Analysis and findings
[15] I find that the portions of records the police claim are not responsive to the request – many of which are duplicates - are, in fact not responsive because they do not relate at all to the subject matter of the appellant’s access request. In particular, I find that the withheld information does not contain any information about the use of facial recognition technology, and refers to wholly unrelated investigations. In addition, on my review of the records, I find that the portions of records 56, 64 and 115 for which section 8(1)(c) was claimed in fact not responsive to the access request because they do not relate to the subject matter of the request – the use of facial recognition technology.
[16] I also find that the records were included in the Index because, as a whole, they were relevant to the access request and that the police withheld only the portions of these records that are not responsive.
[17] Finally, I note that certain pages of the records are completely blank.[10] As a result, I find they are not responsive to the request and I have removed them from the scope of the appeal.
Issue B: Does the section 52(3)3 exclusion for records relating to labour relations or employment-related matters apply to the records?
[18] The police claim that the exclusion in section 52(3)3 applies to record 1 in full, and records 3, 8-11, 15, 17-23, 30, 59, 69, 74-76, 99-109, 114, 116-118, 124, 126-129 and 196-200 in part.

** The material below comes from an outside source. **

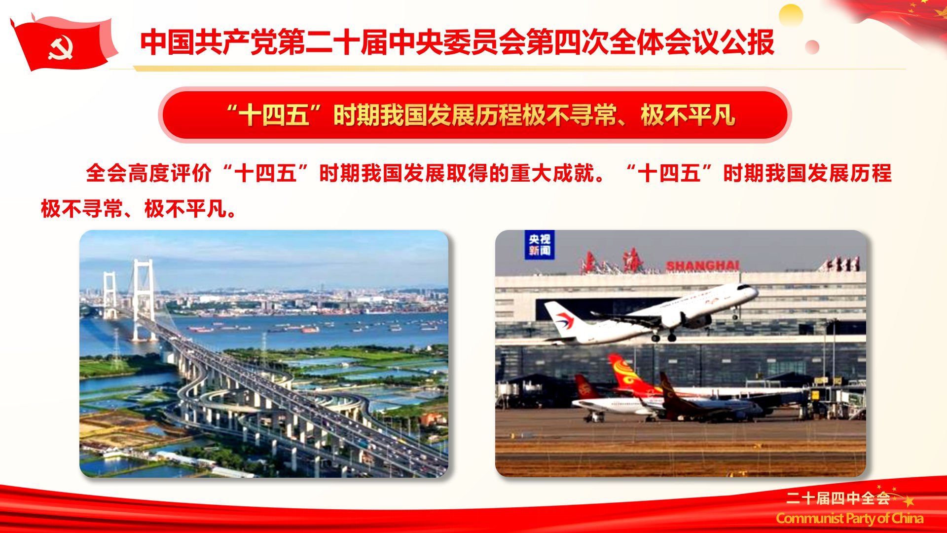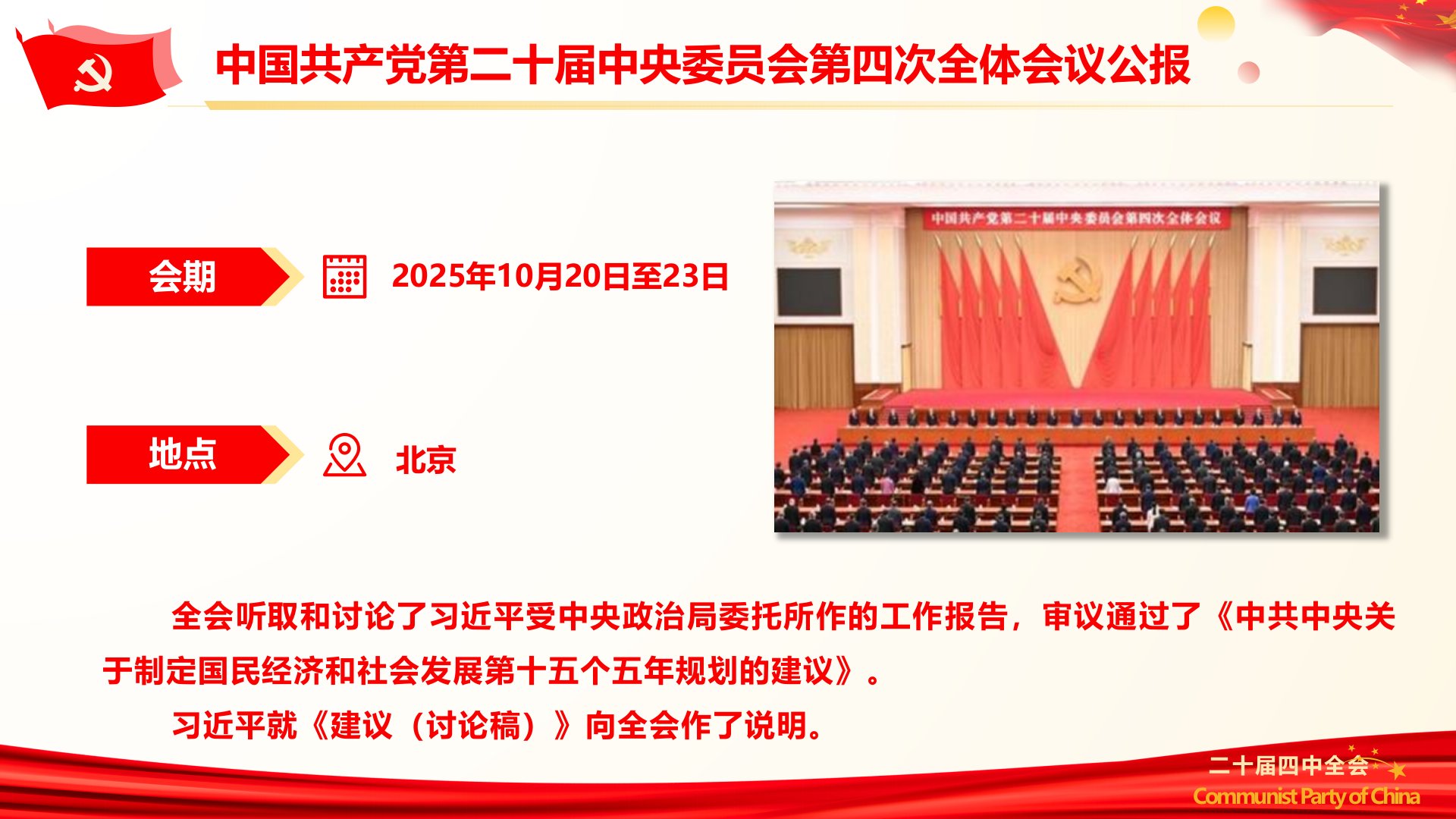 党的二十届四中全会公报重点内容学习全会听取和讨论了习近平受中央政治局委托所作的工作报告,审议通过了《中共中央关于制定国民经济和社会发展第十五个五年规划的建议》。习近平就《建议(讨论稿)》向全会作了说明。“十四五”时期我国发展历程极不寻常、极不平凡全会高度评价“十四五”时期我国发展取得的重大成就。“十四五”时期我国发展历程极不寻常、极不平凡。“十四五”时期我国发展历程极不寻常、极不平凡面对错综复杂的国际形势和艰巨繁重的国内改革发展稳定任务,以习近平同志为核心的党中央团结带领全党全国各族人民,迎难而上、砥砺前行,经受住世纪疫情严重冲击,有效应对一系列重大风险挑战,推动党和国家事业取得新的重大成就。我国经济实力、科技实力、综合国力跃上新台阶,中国式现代化迈出新的坚实步伐,第二个百年奋斗目标新征程实...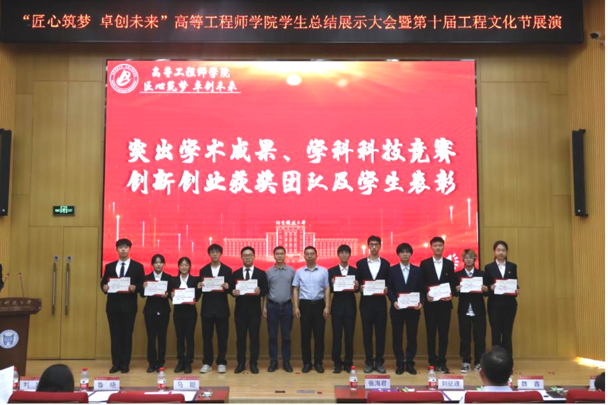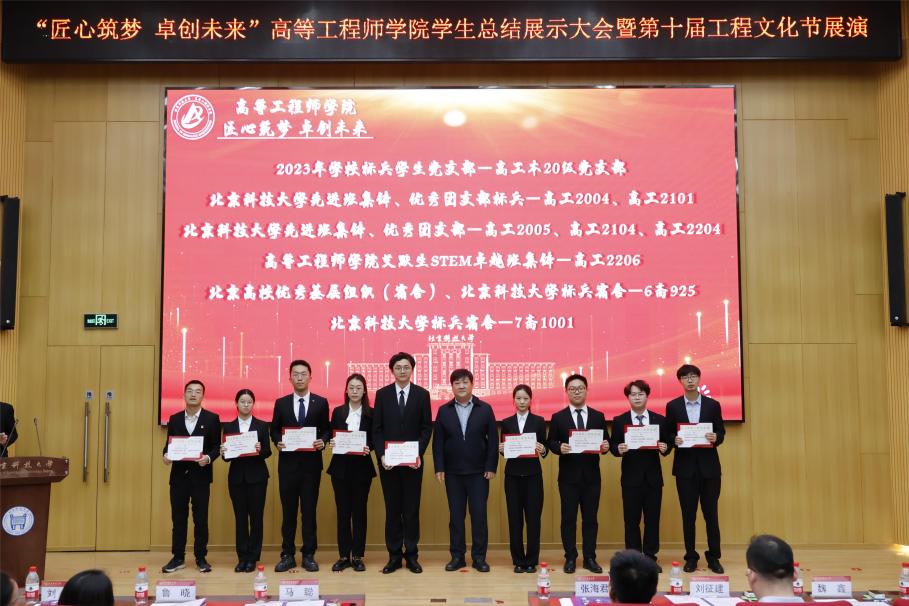 马聪为优秀党支部、先进班集体、优秀团支部、标兵宿舍等代表颁奖,表彰高工学子在党班团建设中凝心聚力、奋发有为,勉励他们不断奋斗,用汗水装点老员工活,用勤奋写满时光画卷。

The IPC has consistently taken the position that the application of the exclusions in the Act is record specific. This means that when determining whether an exclusion applies, the record is examined as a whole rather than by individual pages, paragraphs, sentences or words. This whole-record method of analysis has also been described as the “record by record approach.”[11] Therefore, while the police have applied the exclusion to portions of records, I will consider whether the records as a whole are excluded from the Act.
[19] Section 52(3)3 of the Act excludes certain records held by an institution that relate to labour relations or employment matters. If the exclusion applies, the record is not subject to the access scheme in the Act, although the institution may choose to disclose it outside of the Act’s access scheme.[12] The purpose of this exclusion is to protect some confidential aspects of labour relations and employment-related matters.[13]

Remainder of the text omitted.